United States Army general

Lieutenant General Kevin T. Campbell was the commander of the U.S. Army Space and Missile Defense Command from December 2006 to December 2010, replacing Lieutenant General Larry J. Dodgen. In October 2011 Campbell began working for Northrop Grumman Corporation as vice president and corporate lead executive (CLE) for company business after retiring from the Army.

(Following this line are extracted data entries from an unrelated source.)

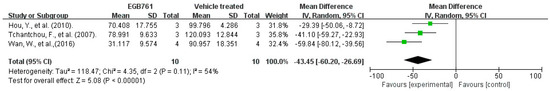 A total of 3 of the 17 (17.6%) articles detected the Aβ levels in the brain tissues with immunoblotting. A total of ten TgAPP/PS1 mice were included and treated with different doses of GBE (100 mg/kg in one article, 50 mg/kg in two articles,). Another ten TgAPP/PS1 mice were treated as a control group. The univariate statistical analysis was conducted with Revman 5.3 software. The forest plot results indicate that GBE lessened the Aβ deposits, both in the hippocampus and the cortex, compared with vehicle-treated animals (p < 0.00001), with a mean difference of 43.45. Notably, the results of the forest plot show moderate heterogeneity (p = 0.11, I2 = 54%), indicating that GBE contributed to the reductions in the Aβ deposits. The results of the Aβ deposits were consistent with those of the behavioral test analysis. The details are shown in Figure 10.
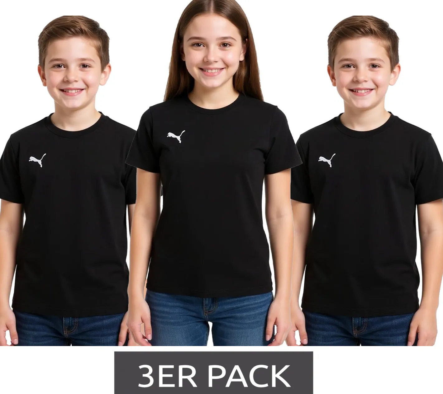3er Pack PUMA TeamGoal 23 Casual Kinder Sport-Shirt für Jungen & Mädchen Baumwoll T-Shirt mit Logo-Stickerei 656709 03 Schwarz
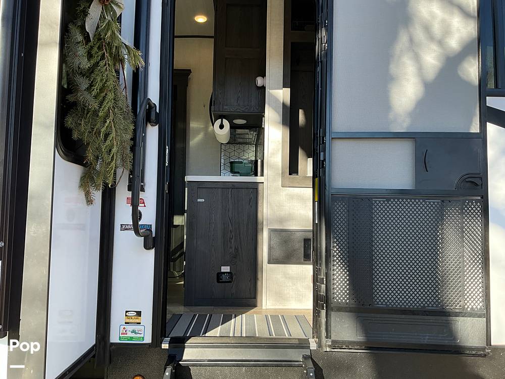Measuring approximately 32 feet in length, this fifth wheel offers ample space for relaxation and entertainment. Inside, you'll find a beautifully appointed living area with plush seating and a state-of-the-art entertainment system, making it the perfect spot to unwind. The fully equipped kitchen features top-of-the-line appliances, including a refrigerator, stove, and microwave, allowing you to prepare delicious meals with ease. The dining area is both stylish and functional, providing a great setting for family meals or game nights.
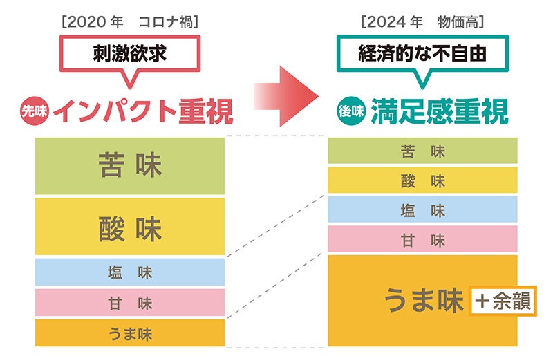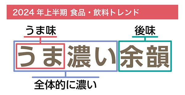 2024年上半期の味覚トレンドは、世界情勢の影響による物価高から消費者は安心感・満足感を求め、「うま濃い余韻」の味わいの人気が高まっている。味わいの骨格をなすうま味が強くなることで、全体の味がしっかりと支えられ、さらにうま味の余韻が強くなれば、満足感も高まると推察される。
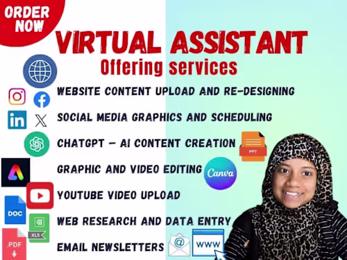 Unlock unparalleled productivity with our tailored virtual assistant services! From managing your schedule and handling data entry to organizing your workflow and providing detailed reports, we streamline your tasks so you can focus on what truly matters. Experience seamless support, exceptional organization, and proactive solutions designed to elevate your efficiency and drive your success.
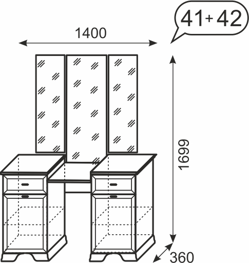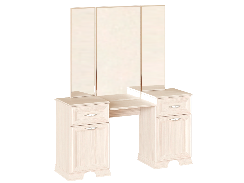 Стол туалетный 42 с трельяжем 41 Венеция станет неотъемлемым элементом в вашей спальне, а также поможет создать уютный и комфортный уголок для наведения красоты и ухода за собой. Две тумба с полками внутри и выдвижные ящики предназначены для размещения всей необходимой косметики.
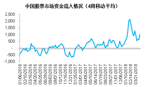我们仍然维持对中国国内权益市场的超配建议,整体上看,贸易战虽然酝酿了外部的潜在风险,但较为均衡的经济结构和较为扎实的国内需求仍然为中国经济提供了较好的支撑。从EPFR追踪的全球基金流动数据看,海外投资者同样持这一观点,在中美贸易摩擦升温后,中国股票基金持续呈现资金的净流入。
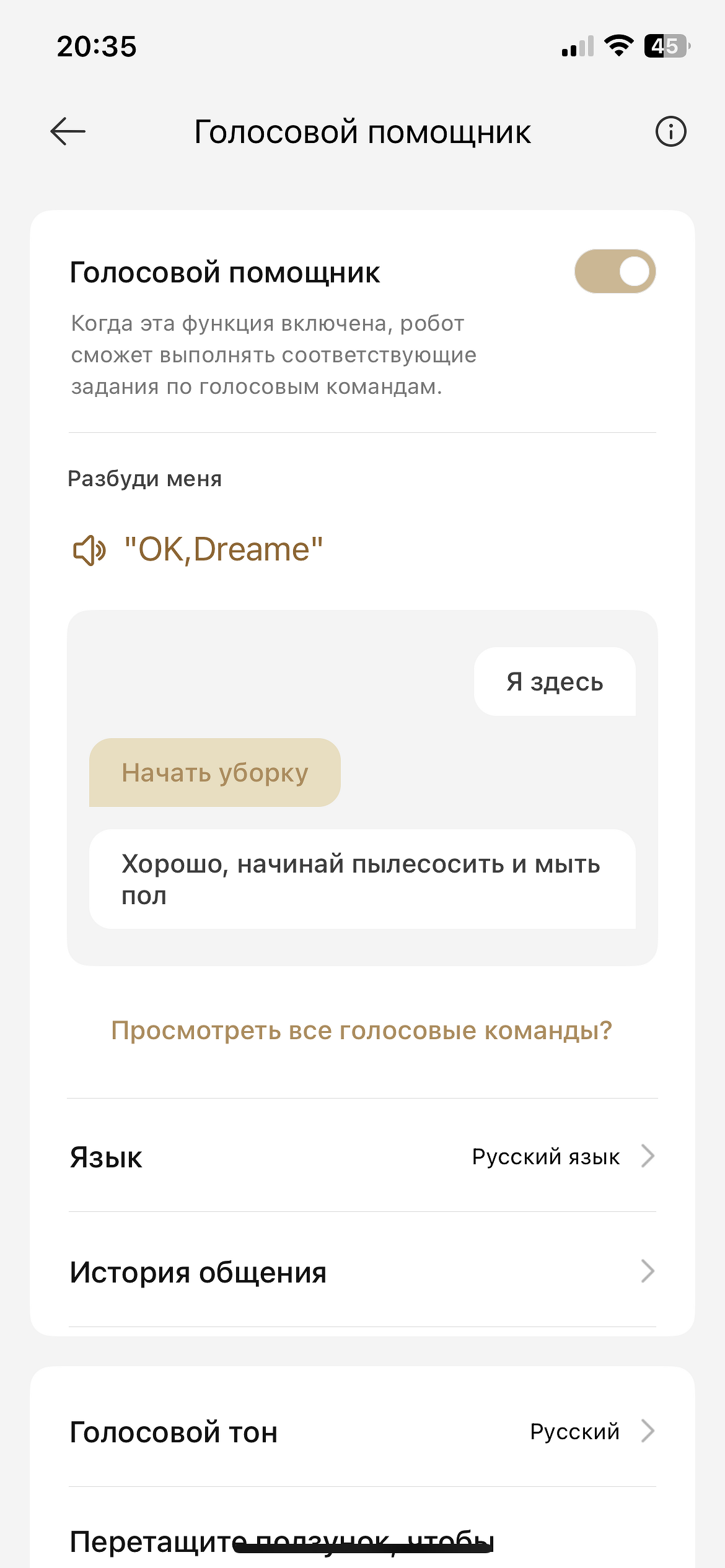 Конечно, Dreamehome подключается к умному дому Яндекса и запускать уборку можно и при помощи Алисы. Фирменный голосовой помощник тоже хорошо понимает команды. Можно сказать «OK, Dreame!», пылесос отзовется «Я здесь» — и дальше отдаете указание, например, «Начни уборку!», «Уберись в прихожей», «Убери здесь» и т.д. В последнем случае пылесос сам определяет, где вы стоите, и выполняет точечную уборку.

Campbell graduated from Worcester State College in 1973 with a Bachelor of Science degree. He received his commission into the Air Defense Artillery branch that same year. In 1982, he earned a master's degree in personnel management from the University of New Hampshire. His military education includes the Air Defense Artillery Officer Basic and Advanced Courses, the Nike-Hercules Officer Course, Ranger and Airborne Schools, the Army Command and General Staff College, and the Naval War College.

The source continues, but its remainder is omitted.